> _Supplied information_:
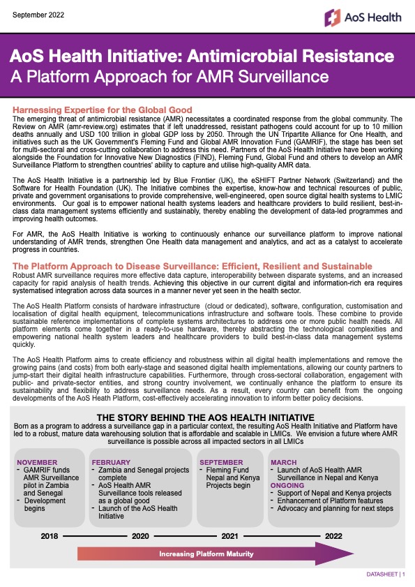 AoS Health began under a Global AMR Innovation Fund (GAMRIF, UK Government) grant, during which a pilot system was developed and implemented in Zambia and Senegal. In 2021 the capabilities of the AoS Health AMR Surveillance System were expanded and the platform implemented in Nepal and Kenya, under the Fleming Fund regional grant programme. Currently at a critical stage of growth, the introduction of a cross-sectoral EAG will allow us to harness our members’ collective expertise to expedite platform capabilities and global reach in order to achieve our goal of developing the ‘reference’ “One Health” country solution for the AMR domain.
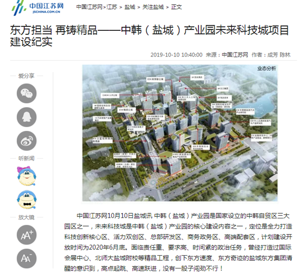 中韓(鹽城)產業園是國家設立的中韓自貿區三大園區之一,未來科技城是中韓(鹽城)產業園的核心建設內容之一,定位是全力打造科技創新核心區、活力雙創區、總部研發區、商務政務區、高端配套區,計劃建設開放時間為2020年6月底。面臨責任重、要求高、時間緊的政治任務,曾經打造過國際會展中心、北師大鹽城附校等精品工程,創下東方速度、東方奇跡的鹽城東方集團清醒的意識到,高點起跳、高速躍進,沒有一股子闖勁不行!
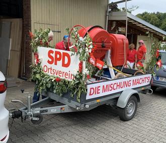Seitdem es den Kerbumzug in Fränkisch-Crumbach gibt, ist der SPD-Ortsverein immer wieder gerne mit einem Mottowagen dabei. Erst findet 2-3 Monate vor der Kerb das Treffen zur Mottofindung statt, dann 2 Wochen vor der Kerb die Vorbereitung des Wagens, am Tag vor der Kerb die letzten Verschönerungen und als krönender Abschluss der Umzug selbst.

> _Problem description_: All of the listing above has to be reproduced exactly, though without its images.

> _Result below_:
 AoS Health began under a Global AMR Innovation Fund (GAMRIF, UK Government) grant, during which a pilot system was developed and implemented in Zambia and Senegal. In 2021 the capabilities of the AoS Health AMR Surveillance System were expanded and the platform implemented in Nepal and Kenya, under the Fleming Fund regional grant programme. Currently at a critical stage of growth, the introduction of a cross-sectoral EAG will allow us to harness our members’ collective expertise to expedite platform capabilities and global reach in order to achieve our goal of developing the ‘reference’ “One Health” country solution for the AMR domain.
 中韓(鹽城)產業園是國家設立的中韓自貿區三大園區之一,未來科技城是中韓(鹽城)產業園的核心建設內容之一,定位是全力打造科技創新核心區、活力雙創區、總部研發區、商務政務區、高端配套區,計劃建設開放時間為2020年6月底。面臨責任重、要求高、時間緊的政治任務,曾經打造過國際會展中心、北師大鹽城附校等精品工程,創下東方速度、東方奇跡的鹽城東方集團清醒的意識到,高點起跳、高速躍進,沒有一股子闖勁不行!
Seitdem es den Kerbumzug in Fränkisch-Crumbach gibt, ist der SPD-Ortsverein immer wieder gerne mit einem Mottowagen dabei. Erst findet 2-3 Monate vor der Kerb das Treffen zur Mottofindung statt, dann 2 Wochen vor der Kerb die Vorbereitung des Wagens, am Tag vor der Kerb die letzten Verschönerungen und als krönender Abschluss der Umzug selbst.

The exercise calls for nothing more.